SOURCE RECORDS:
*****

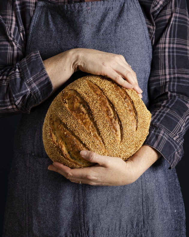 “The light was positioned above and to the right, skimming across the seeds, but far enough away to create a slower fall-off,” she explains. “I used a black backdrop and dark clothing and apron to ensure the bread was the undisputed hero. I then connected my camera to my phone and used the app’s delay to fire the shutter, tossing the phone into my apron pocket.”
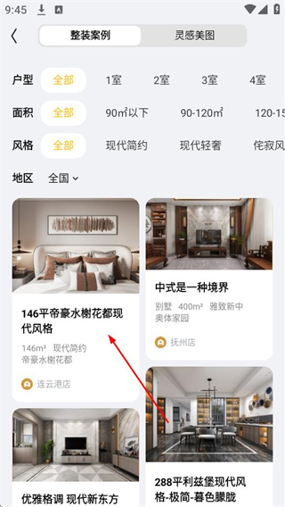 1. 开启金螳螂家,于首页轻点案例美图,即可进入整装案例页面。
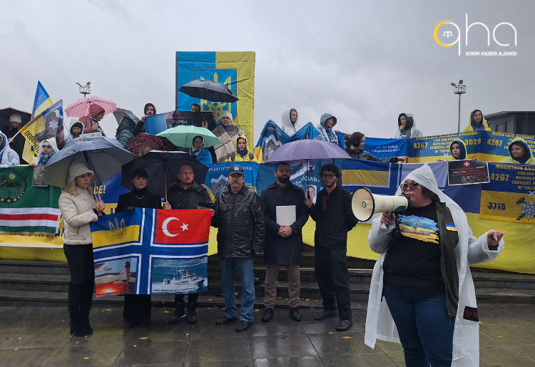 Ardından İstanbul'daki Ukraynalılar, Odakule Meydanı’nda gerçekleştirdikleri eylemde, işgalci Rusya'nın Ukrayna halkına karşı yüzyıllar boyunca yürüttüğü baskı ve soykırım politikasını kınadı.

*****

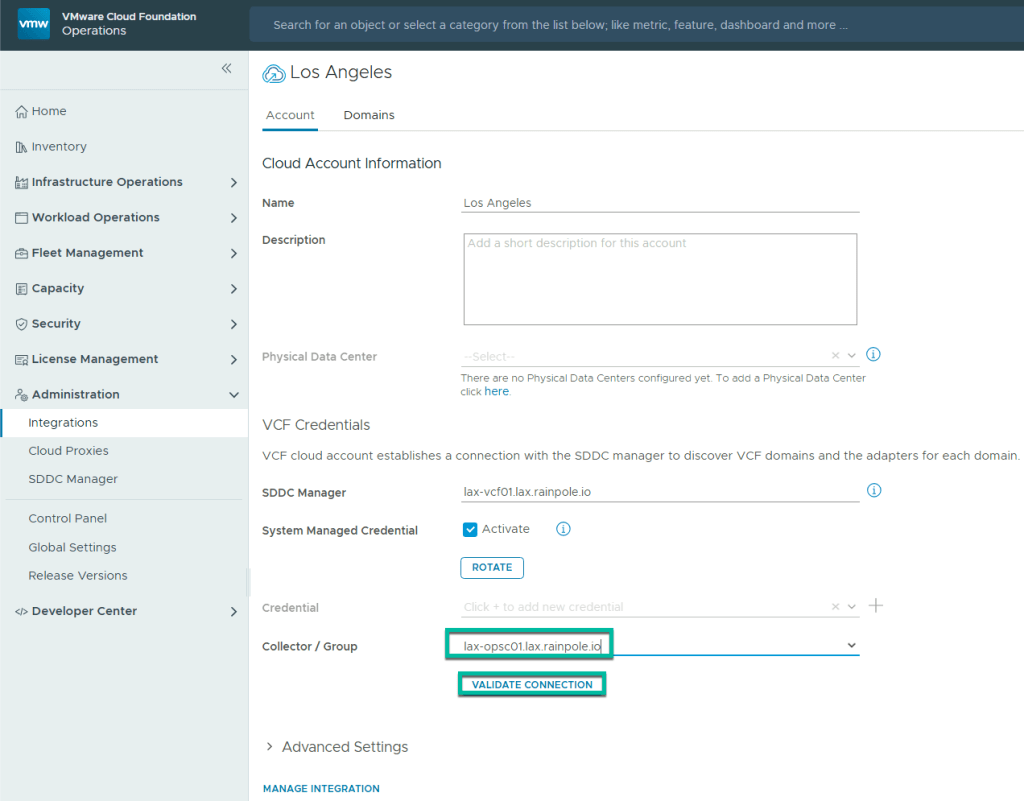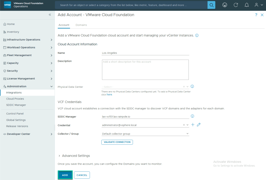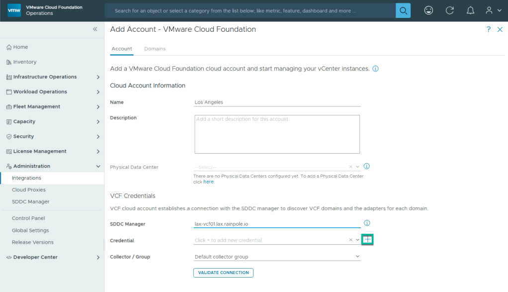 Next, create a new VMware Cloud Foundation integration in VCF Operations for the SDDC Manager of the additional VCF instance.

*****

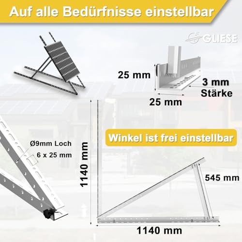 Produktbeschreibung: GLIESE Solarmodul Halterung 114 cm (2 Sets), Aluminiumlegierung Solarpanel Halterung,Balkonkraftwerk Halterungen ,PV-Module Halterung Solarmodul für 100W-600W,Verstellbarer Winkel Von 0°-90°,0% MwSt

*****

WHAT IS NEEDED: I'd like the lines above repeated exactly, from the one that contains "light was positioned" through the one that contains "Ardından İstanbul'daki Ukraynalılar, Odakule", with no pictures.

EXERCISE SOLUTION:
 “The light was positioned above and to the right, skimming across the seeds, but far enough away to create a slower fall-off,” she explains. “I used a black backdrop and dark clothing and apron to ensure the bread was the undisputed hero. I then connected my camera to my phone and used the app’s delay to fire the shutter, tossing the phone into my apron pocket.”
 1. 开启金螳螂家,于首页轻点案例美图,即可进入整装案例页面。
 Ardından İstanbul'daki Ukraynalılar, Odakule Meydanı’nda gerçekleştirdikleri eylemde, işgalci Rusya'nın Ukrayna halkına karşı yüzyıllar boyunca yürüttüğü baskı ve soykırım politikasını kınadı.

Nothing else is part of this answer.